Give all of the data below again exactly, and drop the images.
** Opening DATASET EXCERPT block **
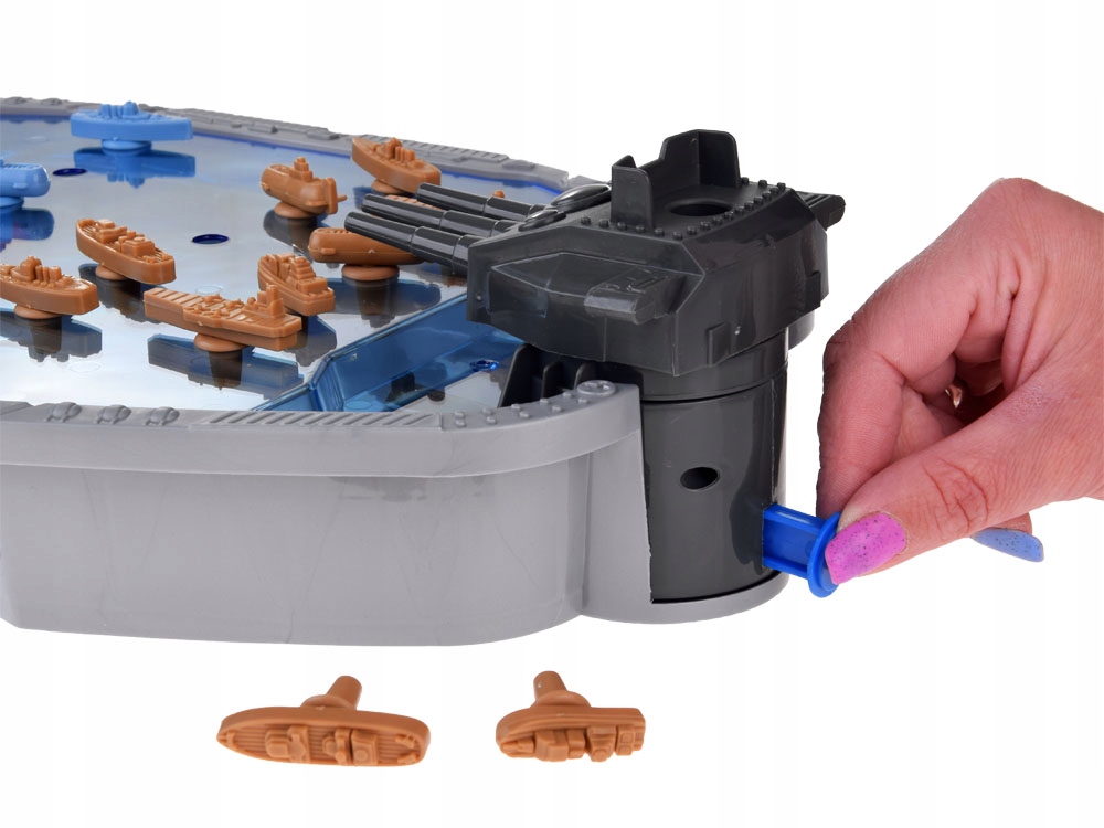 Gra Statki bitwa morska to fajna propozycja dla dzieci lubiących gry zręcznościowe. Z taką grą możemy stoczyć zaciętą bitwę morską nie wychodząc z domu. Wystarczy zamontować wieże strzelnicze, wybrać kolor naszych statków (każdy gracz ma ich 10), rozmieścić je odpowiednio na planszy i podzielić po równo kolorową amunicję. Kulki wrzucamy do wieży strzelniczej i 3,2,1 start zaczynamy zabawę! Aby strzelać naciskamy niebieski przycisk umieszczony pod wieżą. Kulki wylatują jak z procy i starają się wybić statek przeciwnika. Wybite statki odkładamy na bok, a po zakończeniu wojny liczymy straty. Wygrywa ten, kto zniszczył więcej statków przeciwnika, a sam stracił ich jak najmniej i tym samym zachował przewagę na polu bitwy.
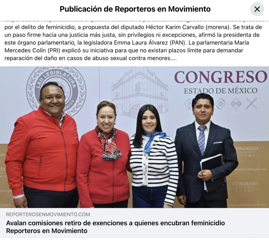 - https://reporterosenmovimiento.com/2025/10/17/avalan-comisiones-retiro-de-exenciones-a-quienes-encubran-feminicidio/?utm_source=facebook&utm_medium=jetpack_social
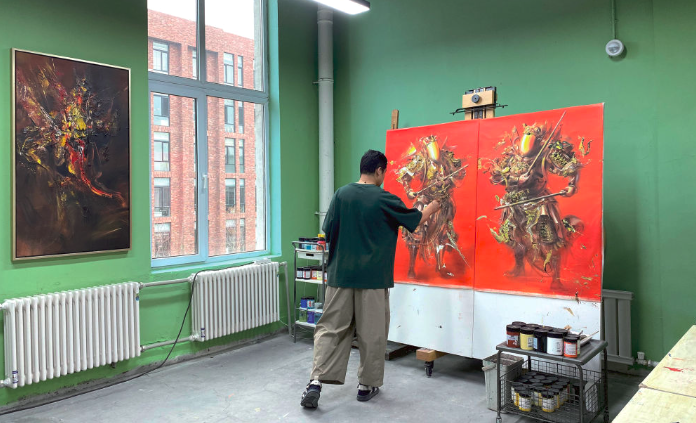 紅梅文創園老廠房中,畫家鄧宇參與紅梅文創園藝術駐地計劃進行駐地創作(受訪者供圖)
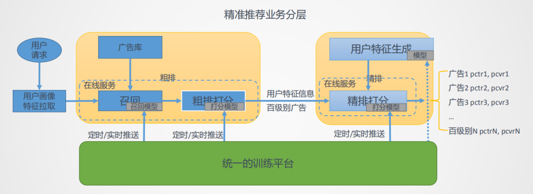 腾讯的推荐广告推荐系统业务分层如图9所示,用户发送一个请求后会去拉取用户地画像特征,之后会对广告库的广告进行一个初步地排序和打分,打分之后会提取用户地特征信息,同时将广告库的ID数量降为百级别,在这个百级范围内会有一个精细的排序,完成后将广告推送给用户。整个推荐系统面临着下面的几大挑战,首先是数据来源多样化,数据既有线上数据也有历史落盘数据。其次是数据的格式多元化,包括用户信息、Item信息、点击率和图像等数据的多元格式。然后是增量数据多,用户请求频繁,广告库也在不断更新中。最后是训练任务多元化,整个推荐系统涉及到粗排、精排、图像检测和OCR等任务。为了解决上述问题,我们在精准排序任务上开发了一整套的软件框架"智凌"(基于TensorFlow)来满足训练需求。
** Closing DATASET EXCERPT block **
**ANSWER SECTION**
 Gra Statki bitwa morska to fajna propozycja dla dzieci lubiących gry zręcznościowe. Z taką grą możemy stoczyć zaciętą bitwę morską nie wychodząc z domu. Wystarczy zamontować wieże strzelnicze, wybrać kolor naszych statków (każdy gracz ma ich 10), rozmieścić je odpowiednio na planszy i podzielić po równo kolorową amunicję. Kulki wrzucamy do wieży strzelniczej i 3,2,1 start zaczynamy zabawę! Aby strzelać naciskamy niebieski przycisk umieszczony pod wieżą. Kulki wylatują jak z procy i starają się wybić statek przeciwnika. Wybite statki odkładamy na bok, a po zakończeniu wojny liczymy straty. Wygrywa ten, kto zniszczył więcej statków przeciwnika, a sam stracił ich jak najmniej i tym samym zachował przewagę na polu bitwy.
 - https://reporterosenmovimiento.com/2025/10/17/avalan-comisiones-retiro-de-exenciones-a-quienes-encubran-feminicidio/?utm_source=facebook&utm_medium=jetpack_social
 紅梅文創園老廠房中,畫家鄧宇參與紅梅文創園藝術駐地計劃進行駐地創作(受訪者供圖)
 腾讯的推荐广告推荐系统业务分层如图9所示,用户发送一个请求后会去拉取用户地画像特征,之后会对广告库的广告进行一个初步地排序和打分,打分之后会提取用户地特征信息,同时将广告库的ID数量降为百级别,在这个百级范围内会有一个精细的排序,完成后将广告推送给用户。整个推荐系统面临着下面的几大挑战,首先是数据来源多样化,数据既有线上数据也有历史落盘数据。其次是数据的格式多元化,包括用户信息、Item信息、点击率和图像等数据的多元格式。然后是增量数据多,用户请求频繁,广告库也在不断更新中。最后是训练任务多元化,整个推荐系统涉及到粗排、精排、图像检测和OCR等任务。为了解决上述问题,我们在精准排序任务上开发了一整套的软件框架"智凌"(基于TensorFlow)来满足训练需求。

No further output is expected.